Há pouco mais de 1 ano, já sentindo essas energias se movendo em minha vida, postei algumas fotos com a seguinte legenda, um trecho de A história secreta:
“A vida parecia encantada naqueles dias: uma teia de símbolos, premonições, agouros. Tudo, de algum modo, se encaixava; a Providência, tímida e benevolente, revelava-se aos poucos, e eu me sentia na iminência de uma grande descoberta, como se em determinada manhã tudo fosse fazer sentido — meu futuro, meu passado, minha vida inteira — e me permitisse sentar na cama como se me caísse um raio e dizer: oh! oh! oh!”
Há alguns meses, tive um sonho no qual uma taróloga — que sempre me aparece em momentos específicos da vida para me dar algum recado importante — lia o tarot para mim e dizia que eu finalmente estava voltando a ser quem eu sempre fui. Senti verdade no que ela disse — assim como sentia, no ano passado, que as rodas do destino estavam se movendo, sinto agora que elas me levaram ao lugar onde eu deveria estar desde o princípio — me trouxeram de volta a mim mesma.
“I'm taking my ride with destiny
Willing to play my part
Living with painful memories
Loving with all my heart
Made in Heaven, made in Heaven
It was all meant to be”
— Made in Heaven, Queen
Textos da semana
Por trás do País das Maravilhas (Giulia Benincasa)
Seminário dos ratos: a crítica política de Lygia Fagundes Telles (Flávia Januário)
As mulheres em Hamlet sob o olhar de Um teto todo seu (Laura Ferracini)
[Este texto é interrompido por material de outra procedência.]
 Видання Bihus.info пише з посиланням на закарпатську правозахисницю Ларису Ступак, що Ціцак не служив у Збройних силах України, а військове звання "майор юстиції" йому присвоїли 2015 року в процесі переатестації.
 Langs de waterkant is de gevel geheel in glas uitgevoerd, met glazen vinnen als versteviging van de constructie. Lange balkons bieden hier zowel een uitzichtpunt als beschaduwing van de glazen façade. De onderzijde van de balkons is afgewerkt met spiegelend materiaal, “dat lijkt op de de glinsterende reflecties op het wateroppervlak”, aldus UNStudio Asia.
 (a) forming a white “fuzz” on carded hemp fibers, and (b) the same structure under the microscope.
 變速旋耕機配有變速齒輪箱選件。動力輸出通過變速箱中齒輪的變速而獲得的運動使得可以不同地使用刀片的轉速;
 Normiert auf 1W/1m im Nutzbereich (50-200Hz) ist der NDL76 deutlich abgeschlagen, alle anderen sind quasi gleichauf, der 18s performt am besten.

Frank-N-Furter: Dioniso em The Rocky Horror Picture Show (Mia Sodré)
Vida e morte das seis esposas de Henrique VIII (Cecília Amaral)
Obra de arte da semana
Estou maratonando os filmes de Almodóvar. Sempre faço isso ao menos uma vez ao ano, e agora, com o lançamento do mais novo curta dele, resolvi que seria a hora perfeita. Não tenho uma lista certinha, nem sei por onde começar nem onde vai terminar, das comédias aos dramas, dos primeiros aos últimos, é certo que boa parte deles são filmes conforto para mim. Enquanto pensava em qual obra de arte falar esta semana aqui na newsletter, lembrei de uma dissertação que li alguns anos atrás, e em como em um dos capítulos há uma teoria a respeito de um dos mais famosos filmes do diretor. Nele, é falado acerca da relação entre A pele que habito e a pintura de Ticiano, Vênus de Urbino.
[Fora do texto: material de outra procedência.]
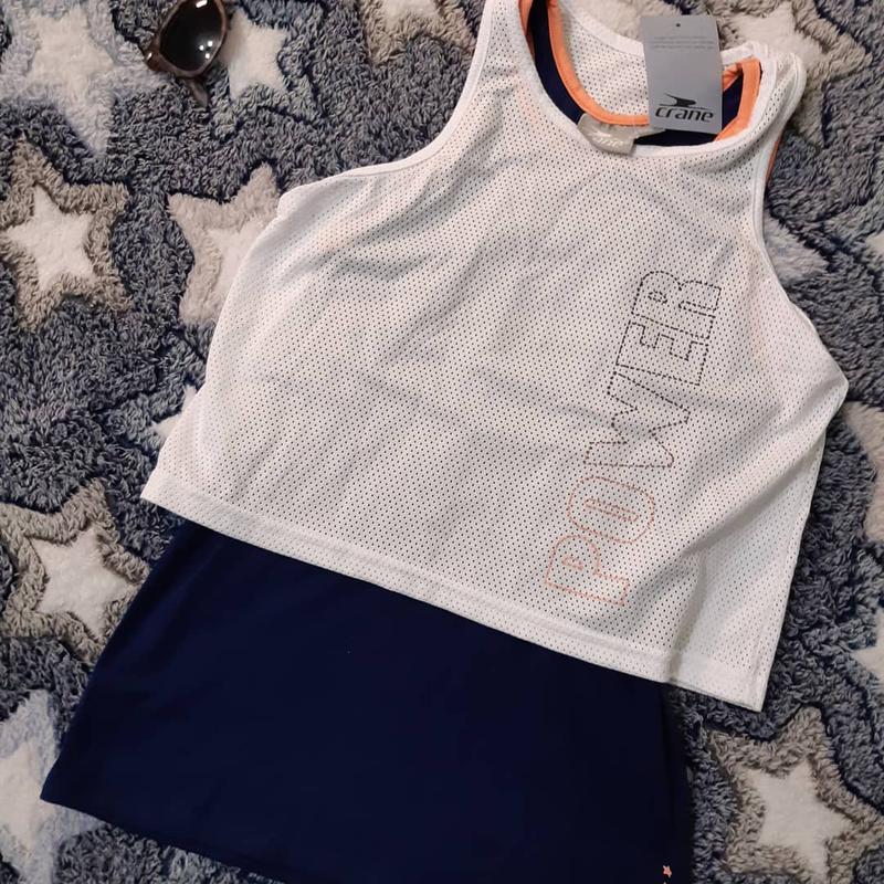 Спортивная майка с двойным эффектом на девочку Crane. Размер 146-152 см. Состав: 87% полиэстер, 13% эластан. Замеры: ПОГ - 38см, длина по спинке нижней маечки 53см, верхней 38см. Отличный вариант для активного отдыха и занятий спортом. Новая, с биркой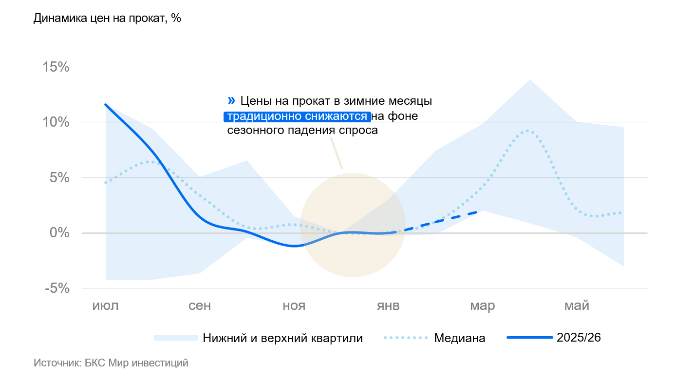 Еще один важный фактор для рынка — сезонность спроса. Как мы уже отмечали, основным потребителем стальной продукции является строительный сектор. В начале года спрос со стороны девелоперов традиционно ниже, чем с апреля по октябрь. А учитывая серьезное падение потребления стальной продукции по итогам 2025 г., полагаем, спрос останется под давлением и в I квартале 2026 г., а его восстановление, вероятно, будет небыстрым.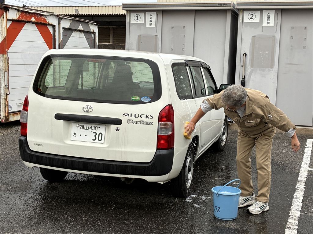 現場に行っている社員が多く、事務所にいた3名が各自の車両を手洗いしました。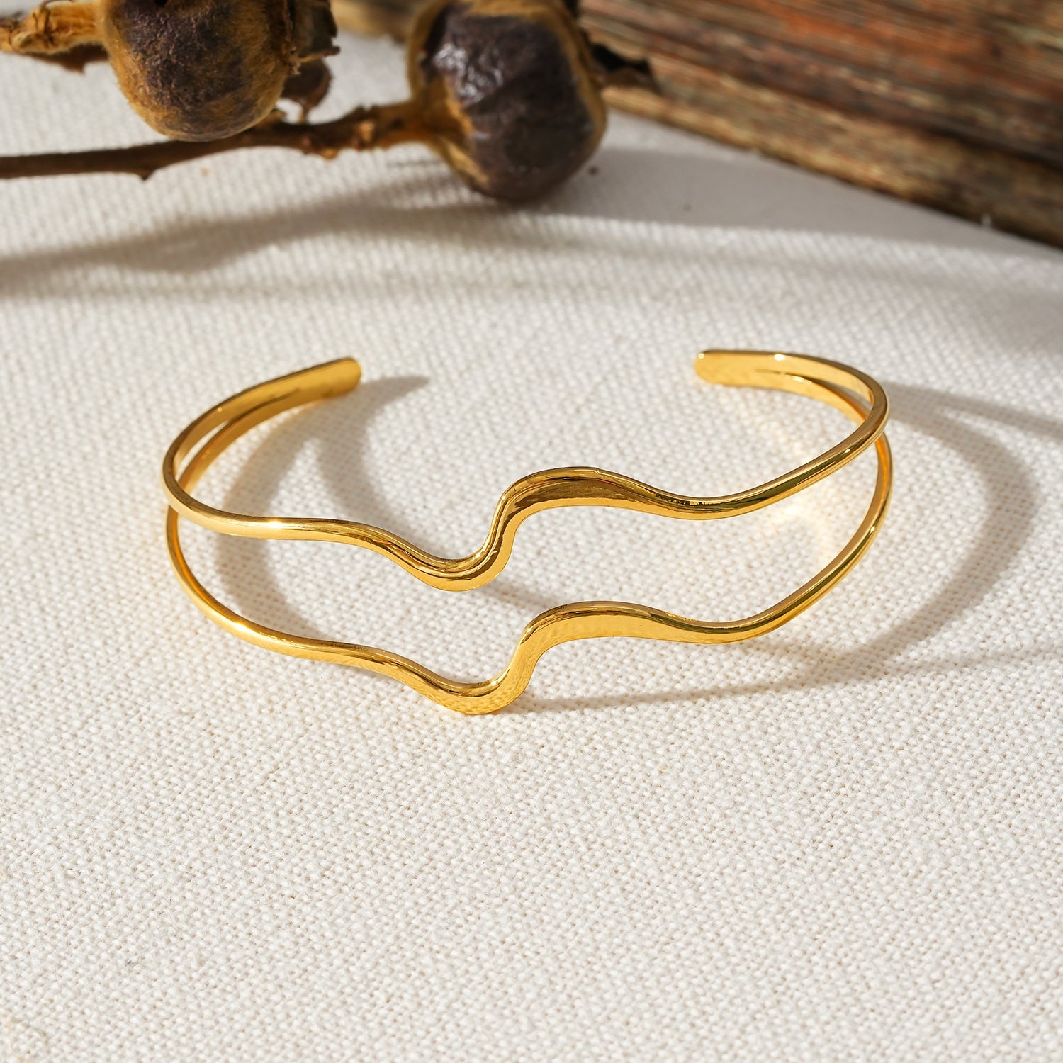 Elevate your style with our industrial-chic inspired bracelet, expertly designed with a pair of abstract shaped bands stacked for a striking and contemporary look. This unique piece combines the rugged appeal of industrial design with the elegance of modern jewelry, making it a must-have accessory for the fashion-forward individual.
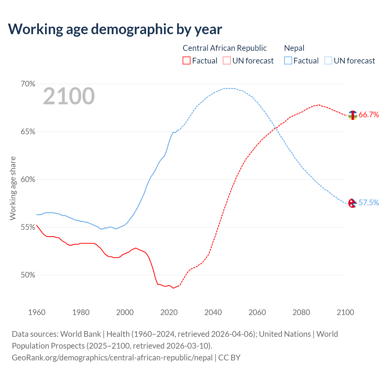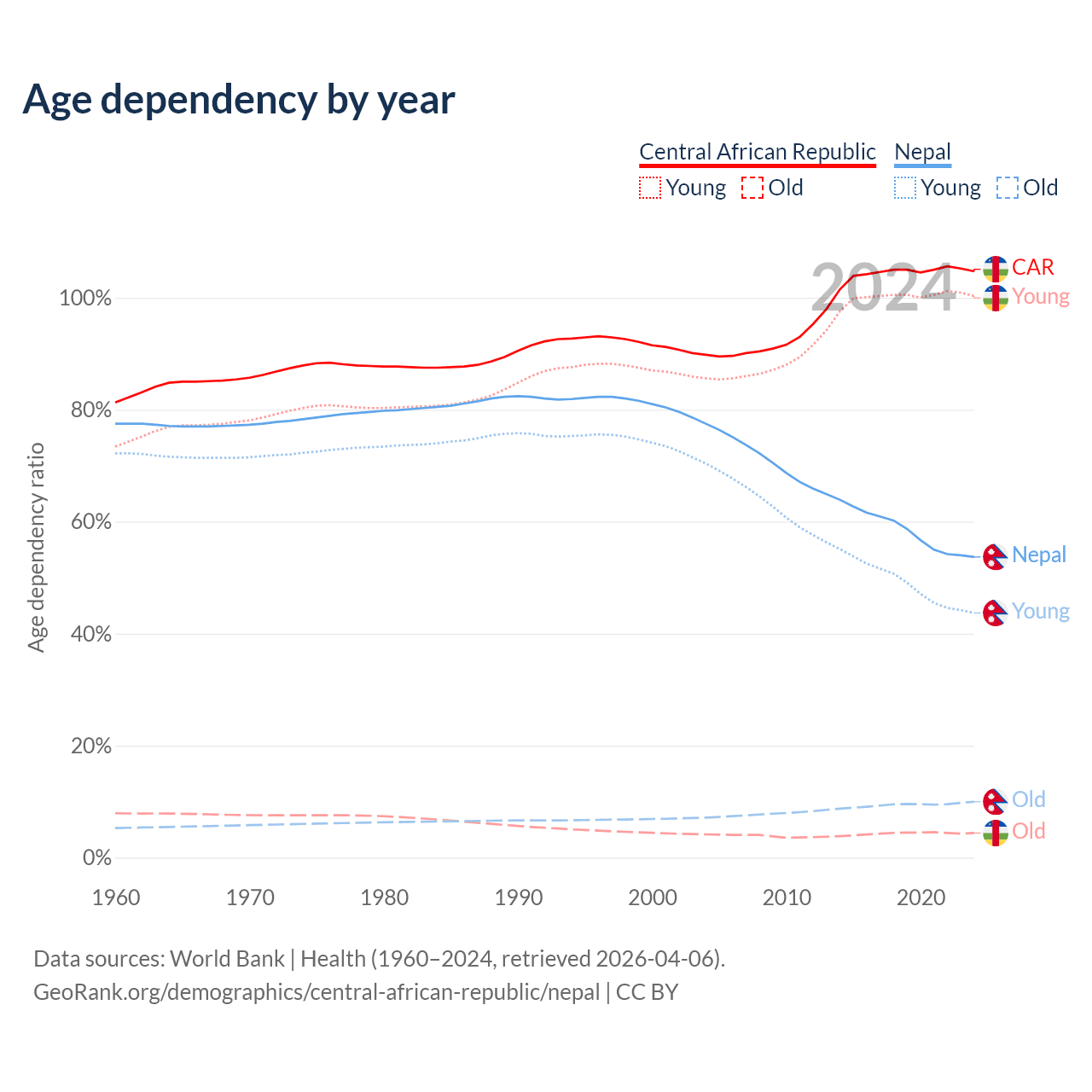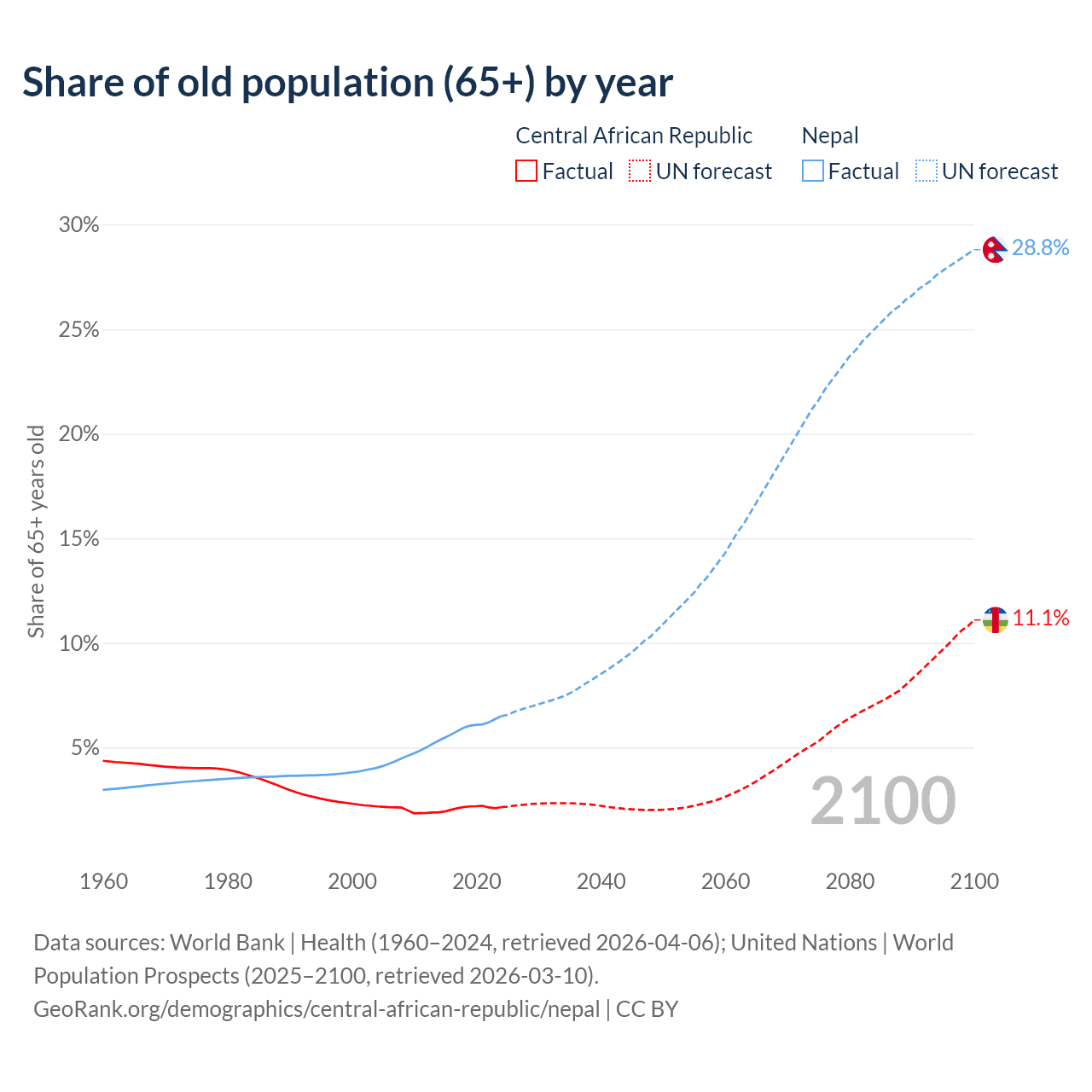 - The share of old-age demographic (65+) in the Central African Republic is 2.15% vs 6.5% in Nepal.

Vênus de Urbino é uma pintura a óleo datada de 1538, e atualmente se encontra em Florença, na Galleria de Uffizi. A obra tem como ponto central uma mulher. Ela está nua e deitada na cama. De acordo com o tótulo, a jovem moça é identificada como a deusa Vênus, mas, diferentemente das representações relacionadas ao mito de nascimento da deusa, na pintura de Ticiano ela foi representada em ambiente fechado. Ela tampouco está acompanhada por seres míticos, elementos aquáticos ou seus famosos cupidos, mas a deusa representada em ambiente doméstico também não está sozinha. Vênus está acompanhada de um pequeno cãozinho deitado na cama aos seus pés, e o que parecem ser duas damas de companhia. Uma delas parece carregar um vestido, o que dá a alusão de que em breve a jovem Vênus que encara diretamente o espectador vai se vestir com um belo vestido.
A versão mais famosa do nascimento da deusa é contada por Hesíodo. Ele diz que ela nasceu após os órgãos genitais castrados de Urano serem arremessados ao mar, e da espuma (“aphros”) ergueu-se Vênus. Desde então, ela representou o ideal de beleza dos gregos antigos, e foi constantemente reproduzida nas artes. A imagem e iconografia do nascimento da Vênus saída do mar sobreviveu e foi perpetuada desde a Antiguidade, mas representações em que a deusa foi estava em um ambiente mais privado também são diversas, dentre elas, está Vênus de Urbino. A pintura foi encomendada ou financiada pelo duque Guidobaldo II, da cidade de Urbino. A pintura de Ticiano também serviu de inspiração para o francês Édouard Manet compor sua Olympia em 1863.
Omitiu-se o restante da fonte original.